In a 4.25 N.Y. Times interview with Jodie Foster, Frank Bruni observes that Money Monster, her fourth directed film following Little Man Tate, Home For The Holidays and The Beaver, “is by far the most ambitious — a New York City thriller with SWAT teams, explosives, George Clooney and Julia Roberts.”
The other day I wrote that “if I was lord and dictator of The Nice Guys, I wouldn’t allow face-punching.” And if I was lord and dictator of Money Monster, I would definitely prohibit SWAT teams and explosives.
I realize that it’s about a hostage situation, and that Jack O’Connell‘s Kyle Budwell, a frenzied guy who’s lost everything, is holding a gun on Clooney’s Lee Gates, and that the rote thing would be for the SWAT guys to aim their weapons and pick him off if possible. But how sick are you of SWAT teams? How sick to death are you of movie explosions? I know this sounds silly, but what if Foster and the Money Monster writers were to respond to this dicey situation in a somewhat different way? Not just tactically but dramatically, I mean.
What if a TV station security guy or a detective from a nearby precinct were to say to everyone, “Look, can we break precedent for once and not send in the SWAT team? Yes, we’ve got a loose cannon threatening a guy but let’s tone it down. Let’s use our heads and figure this guy out and play it one soft step at a time.” I would melt in my seat if Money Monster did that. “Thank you, Jodie!,” I would shout from my tenth-row-seat.

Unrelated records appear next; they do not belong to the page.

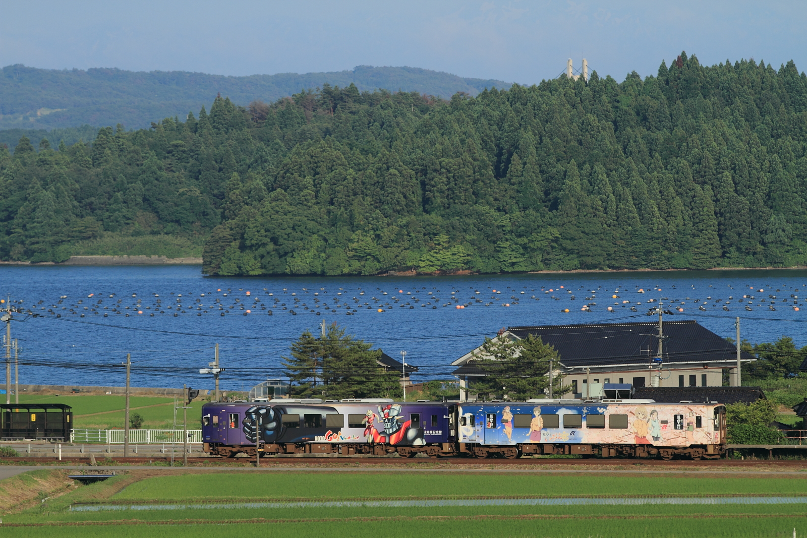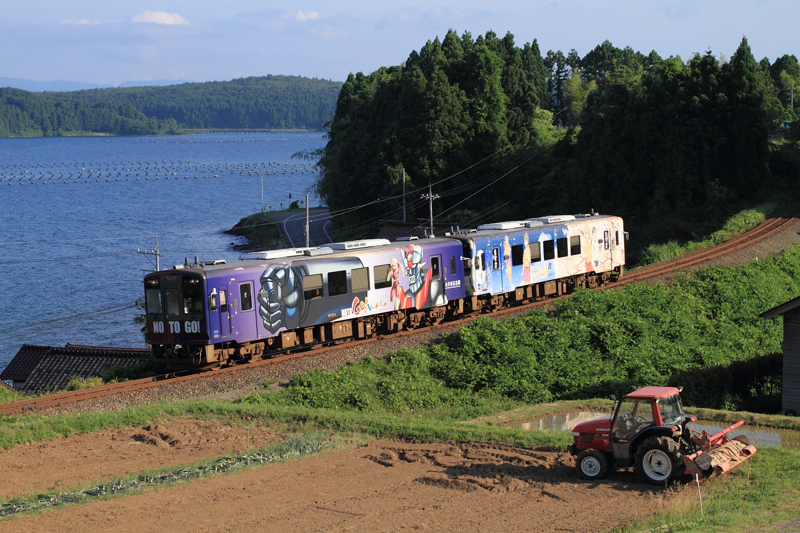 【のと鉄道】花咲くいろはラッピング列車 27【NT202】 H27.6.10良い天気だったので、ぶらり「のと鉄道」撮影。 140D@西岸〜能登鹿島「マジンガーZ+花咲くいろは」のラッピング列車を記録。少しですが立山連峰も見えるポイントで撮影。そして、折り返しの時間まで、西岸駅こと湯乃鷺駅と猿田彦温泉でほっこり。 141Dこちらはトラクターとの1枚。 144D日没前の西岸駅へ進入する場面を記録。この時期は日が長く、良い光線になりますね。 [0回]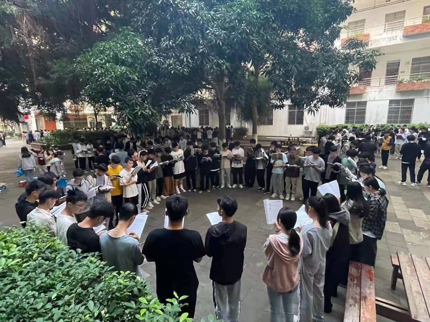 2021年11月30日(青年媒体中心 宋岱熹讯)。为了丰富公司学子校园文化生活,,437bwin必赢国际于今天早上7:10—7:40在四教楼下进行党史主题晨读活动,公司21级全体学子参加此次晨读。
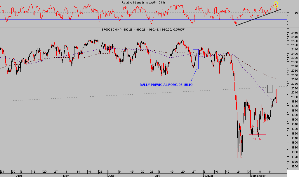 Los mercados han alcanzado los niveles objetivo más probables para el rebote técnico -caja negra del gráfico- que venimos defendiendo y argumentando técnicamente en diferentes post desde los mínimos del 25 de agosto.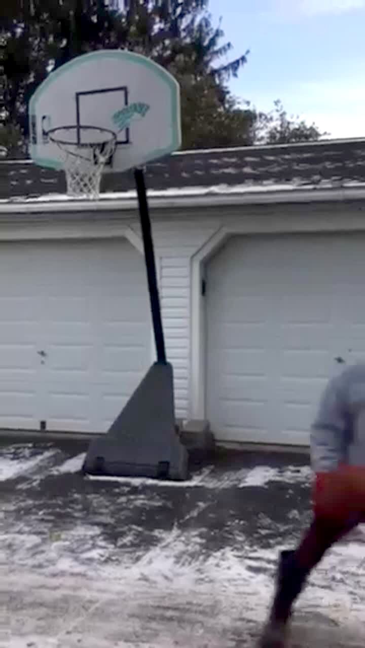 A teen boy runs and slides on winter snow and ice in the driveway and throws a basketball over his shoulders and it goes into a hoop.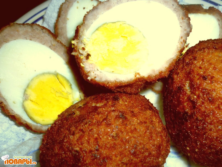 Яйца очистить от скорлупы, из колобка фарша сделать лепешечку и облепить яйцо равномерно со всех сторон. Обвалять в муке, окунуть в яичный льезон и запанировать в сухарях.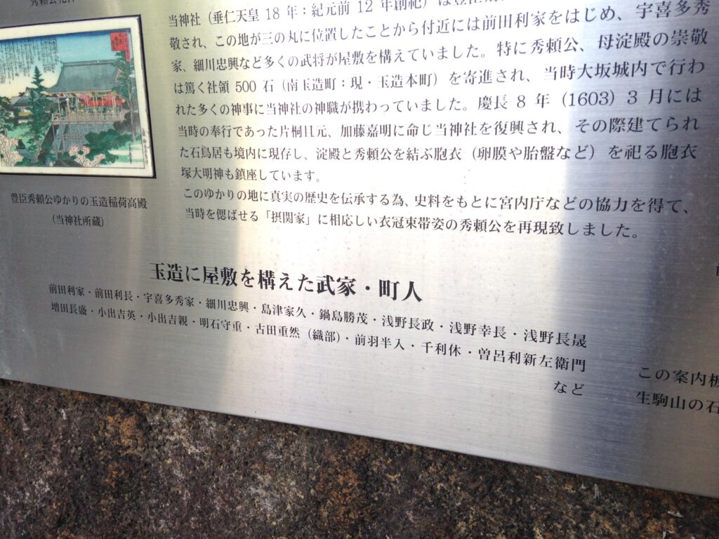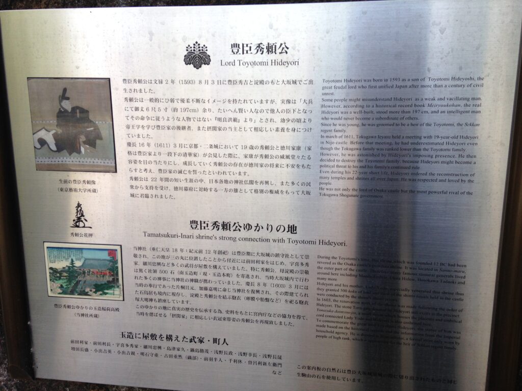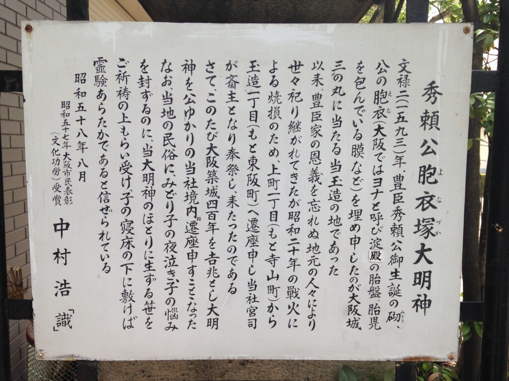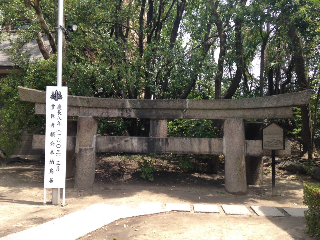 境内には秀頼公の銅像が立ち、淀君が秀頼公を生んだ際の胎盤を神として奉じた社殿があります。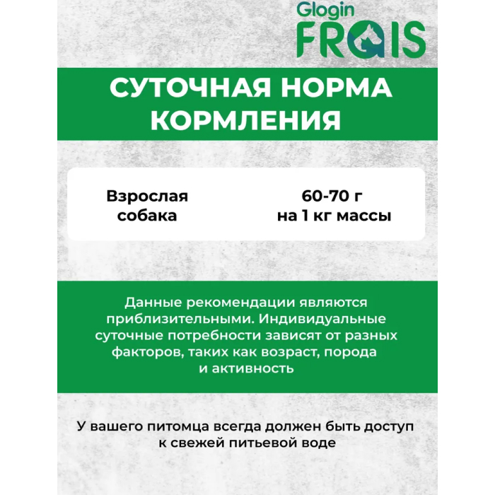 для взрослой собаки суточная норма корма в день примерно 60-70 г на 1 кг массы. Данные рекомендации являются приблизительными. Индивидуальные суточные потребности зависят от разных факторов, таких как возраст, порода и активность. Предоставьте животному достаточное количество питьевой воды.
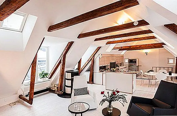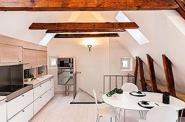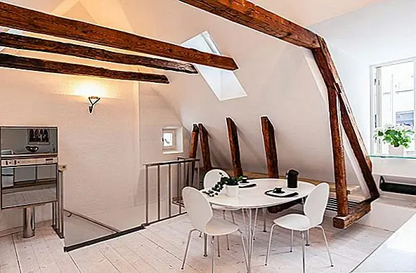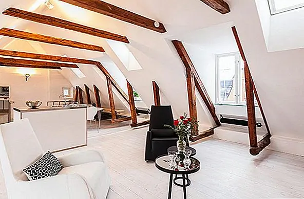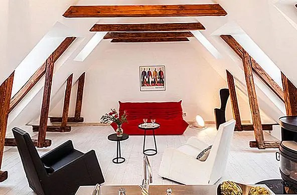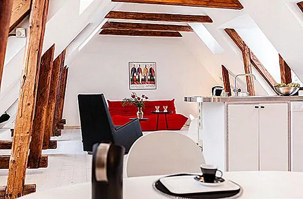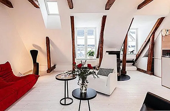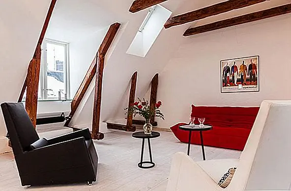В апартаментах есть отдельная ванная комната, также расположенная ниже. Классические лестницы ведут на впечатляющий верхний уровень, где открытые балки создают уютную атмосферу. Здесь вы найдете открытый план гостиной и столовой - яркий и чистый интерьер, залитый естественным светом из окон / световых люков. Как и в большинстве скандинавских домов, стены окрашены в белый цвет, что создает сильный контраст с деревянными балками и красным диваном. Результат действительно завораживает.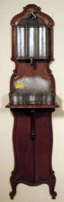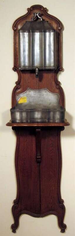 The shaped carved back supporting a pewter cistern with tap, and a lower shelf supporting a basin. Pewter stamps to basin.
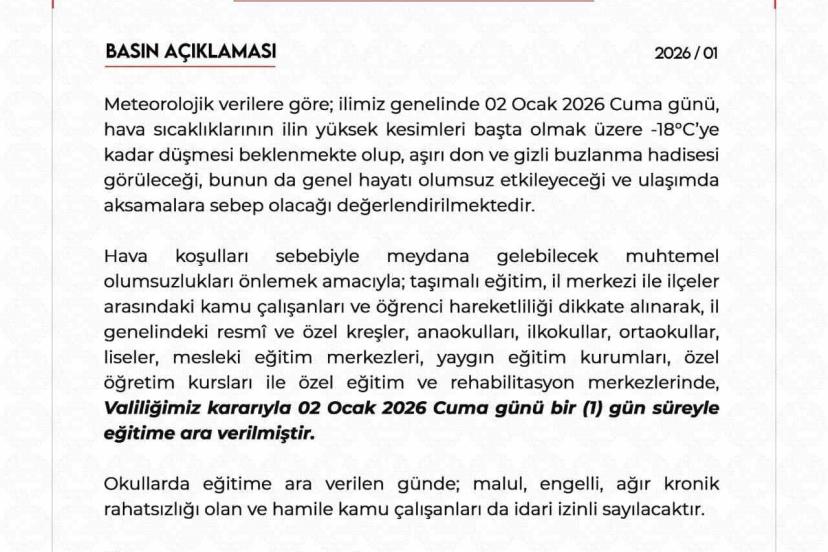 Valilikten yapılan açıklamada, hava sıcaklıklarının özellikle ilin yüksek kesimlerinde eksi 18 dereceye kadar düşmesinin beklendiği, aşırı don ve gizli buzlanma hadiselerinin görülebileceği, bu durumun günlük yaşamı olumsuz etkileyebileceği ve ulaşımda aksamalara yol açabileceği ifade edildi. Oluşabilecek muhtemel olumsuzlukların önüne geçilmesi amacıyla alınan kararla, il genelindeki resmi ve özel kreşler, anaokulları, ilkokullar, ortaokullar, liseler, mesleki eğitim merkezleri, yaygın eğitim kurumları, özel öğretim kursları ile özel eğitim ve rehabilitasyon merkezlerinde eğitime 2 Ocak 2026 Cuma günü 1 gün süreyle ara verildiği bildirildi.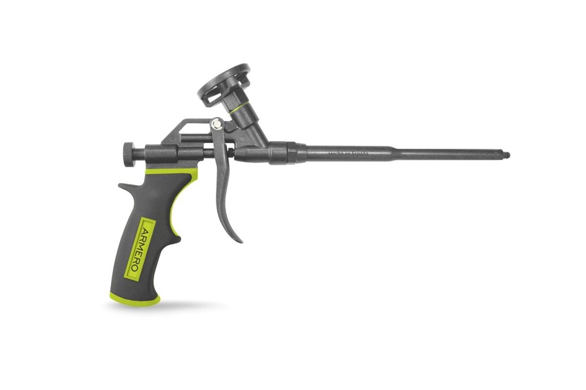 Пистолет для монтажной пены,полностью покрыт тефлоном: канал ствола, запирающая игла и адаптор покрыты тефлоном, тефлоновый шариковый клапан, корпус, двухкомпонентная рукоятка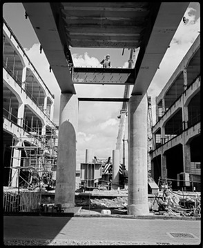 1985. Construction of the DLR at Canary Wharf, looking north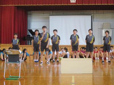 6月13日(木)、地区中総体壮行式を行いました。各部それぞれ工夫を凝らしたパフォーマンスで、チームの意気込みと団結を表現しました。当日は、どの会場においてもプレーの面、マナーの面でも「チーム前中!」で力を発揮してほしいと思います。
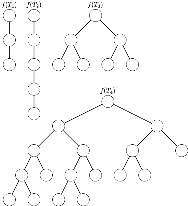 对于一棵有根树 $S$,定义 $f(S)$ 为如下操作后的有根树: - 用树 $S$ 自身替换 $S$ 的所有叶子节点。 对于有根树 $S$,定义一组无穷序列的树 $(S_1, S_2, \dots)$,具体为: - $S_1 := S$ - $S_i := f(S_{i-1}) \quad (i > 1)$ 定义无穷树 $S_{\infty}:= \displaystyle\lim_{n\to\infty} S_n$,称其为由 $S$ 导出的**分形树**(fractal tree)。 --- 给定 $K$ 棵有根树 $T_1, T_2, \dots, T_K$。每棵树 $T_i\,(i=1,2,\dots,K)$ 满足以下条件: - 顶点数为 $N_i \geq 2$ - 顶点依次编号为 $1,2,\dots,N_i$ - 根为编号 $1$ 的顶点 - 对于 $j=2,3,\dots,N_i$,顶点 $j$ 的父节点为 $p_{i,j}$ 请对于每一对 $(i,j) \, (i,j=1,2,\dots,K)$,判断由 $T_i,T_j$ 各自导出的分形树 $(T_i)_\infty$ 和 $(T_j)_\infty$ 是否同构。 分形树的同构定义如下: 记分形树 $T$ 的顶点集合为 $V(T)$,边集合为 $E(T)$。若存在一个双射 $\varphi:V(S)\to V(T)$,使得以下两个条件成立,则称两棵分形树 $S,T$ 同构: - $\{u,v\}\in E(S) \iff \{\varphi(u),\varphi(v)\}\in E(T)$ - $S,T$ 的根节点分别为 $r_S, r_T$ 时,$\varphi(r_S)=r_T$

Robert Towne went a little bit in this direction when he did an uncredited rewrite of 8 Million Ways to Die (’86), which was director Hal Ashby‘s last film. According to Ashby biographer Christopher Beach, Towne wrote a scene in which Jeff Bridges‘ Matt Scudder shoots a suspect who’s just hit a policeman with an unlikely weapon — a rocking chair. Ashby changed the weapon from a rocking chair to a baseball bat. Towne was furious at Ashby for doing so, and they were never entirely cordial after that.
Bottom line: Either you’re the kind of filmmaker who understands that rocking chairs are far more interesting, or you’re not. Either you get that people are sick of baseball bats, or you don’t.